Marsupilami - Volume 6 - Fordlandia

Marsupilami - Volume 6 - Fordlandia PDF Author: Franquin
Publisher: Cinebook
ISBN: 1800449402
Category : Comics & Graphic Novels
Languages : fr
Pages : 50

Book Description
In Palombia, the president is throwing a lavish completion ceremony for a colossal project: a dam across the mighty river Huaytoonarro. An event that couldn’t leave the Marsupilami more indifferent, for he has other piranhas to fry: Mrs Marsupilami has disappeared.
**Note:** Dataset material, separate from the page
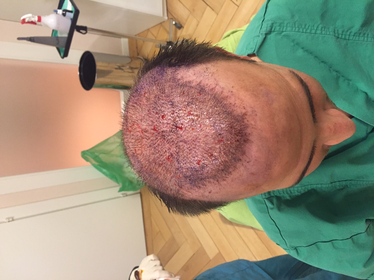 Gestern war es nun soweit. Ich wurde um 07.00 Uhr von Herrn Muresanu emfangen, wir machten Vorher Bilder, er zeichnete mit die Haarlinie ein und dann ging es auch schon los. Geplant waren 5300 Grafts, rausgekommen sind glücklicherweise 5832 Grafts. Der Teil ging relativ schnell, ich glaube nach 90 min waren wir mit dem entfernen des Strips durch und die klammern ( ca. 55 Stk. ) waren im Entnahmebereich eingesetzt.
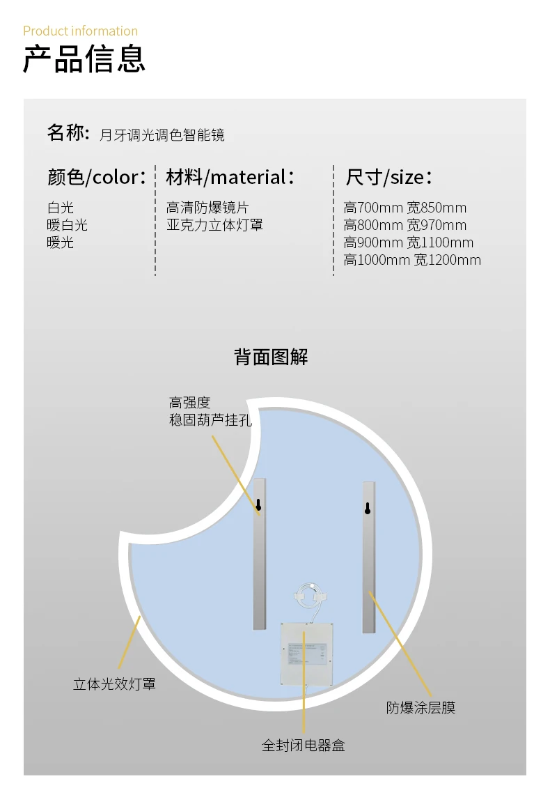 Wall Mounted Bathroom Mirror With Led Light Sensor Backlight 1

Our friend’s nose tells him that it was the doing of Bring M. Backalive, the famous hunter, and he rushes after the kidnapper, soon followed by Sarah and Bip ... and then the situation becomes even more complicated!

The End of the Myth

The End of the Myth PDF Author: Greg Grandin
Publisher: Metropolitan Books
ISBN: 1250179815
Category : History
Languages : en
Pages : 256

Book Description
WINNER OF THE PULITZER PRIZE A new and eye-opening interpretation of the meaning of the frontier, from early westward expansion to Trump’s border wall. Ever since this nation’s inception, the idea of an open and ever-expanding frontier has been central to American identity. Symbolizing a future of endless promise, it was the foundation of the United States’ belief in itself as an exceptional nation – democratic, individualistic, forward-looking. Today, though, America hasa new symbol: the border wall. In The End of the Myth, acclaimed historian Greg Grandin explores the meaning of the frontier throughout the full sweep of U.S. history – from the American Revolution to the War of 1898, the New Deal to the election of 2016. For centuries, he shows, America’s constant expansion – fighting wars and opening markets – served as a “gate of escape,” helping to deflect domestic political and economic conflicts outward. But this deflection meant that the country’s problems, from racism to inequality, were never confronted directly. And now, the combined catastrophe of the 2008 financial meltdown and our unwinnable wars in the Middle East have slammed this gate shut, bringing political passions that had long been directed elsewhere back home. It is this new reality, Grandin says, that explains the rise of reactionary populism and racist nationalism, the extreme anger and polarization that catapulted Trump to the presidency. The border wall may or may not be built, but it will survive as a rallying point, an allegorical tombstone marking the end of American exceptionalism.
Proudly powered by WordPress | Theme: Rits Blog by Crimson Themes.